RayMarron writes "It seems that NAI's IP lawyers have been billing some hours recently by sending nastygrams asking companies/individuals to stop using their trademarked term 'Sniffer.' Steve Gibson of Gibson Research Corporation has received one. The full text is posted on his news server, and I'm sure one of our readers will post it here. Or visit news.grc.com, grc.news and grc.news.feedback groups. A student at Stanford received one as well and forwarded it to the faculty to handle. Both Gibson (relating a conversation with his IP attorneys) and Stanford's reply seem to agree that 'sniffer' is too generic a term to be a viable trademark and can't be effectively enforced. Is there an IP lawyer in the house?"

1 of 76 comments (clear)

  1. Re:McDonald's lawsuit by Murrow · · Score: 1, Offtopic
    Actual Facts about the McDonald's Case

    A quote of the first paragraph:


    There is a lot of hype about the McDonalds' scalding coffee case.
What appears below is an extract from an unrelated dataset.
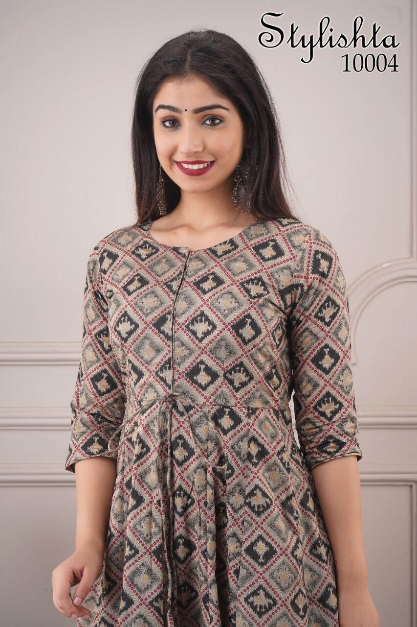 Stylishta Presents Stylishta Vol 10 Pure Chanderi Print Long Gown Kurti For Girls
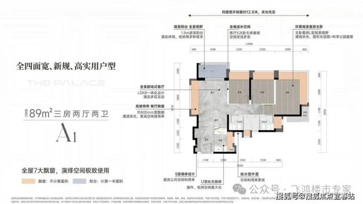 设计的是竖厅格局,客厅3.3米开间,LDKB一体化,S墙设计预留双开门冰箱位,客厅3.9米长的飘窗面无敌视野,四面宽开间面约12.8米,动静分区,主卧270°无柱转角飘窗,分别做到了主卧17.28m²/次卧9.99m²/次卧8.88m²(包含墙体飘窗),U型厨房,卫生间干湿分离,客厅阳台5.94m²西北朝向,看科学公园景观。户型亮点

No
    one is in favor of frivolous cases of outlandish results; however, it is
    important to understand some points that were not reported in most of
    the stories about the case. McDonalds coffee was not only hot, it was
    scalding -- capable of almost instantaneous destruction of skin, flesh
    and muscle. Here's the whole story.


    Read the full article for more. Having read it, I think there was enough of a case to make the trial worthwhile.

    I don't see how a product liability case has much to do with a trademark case, though.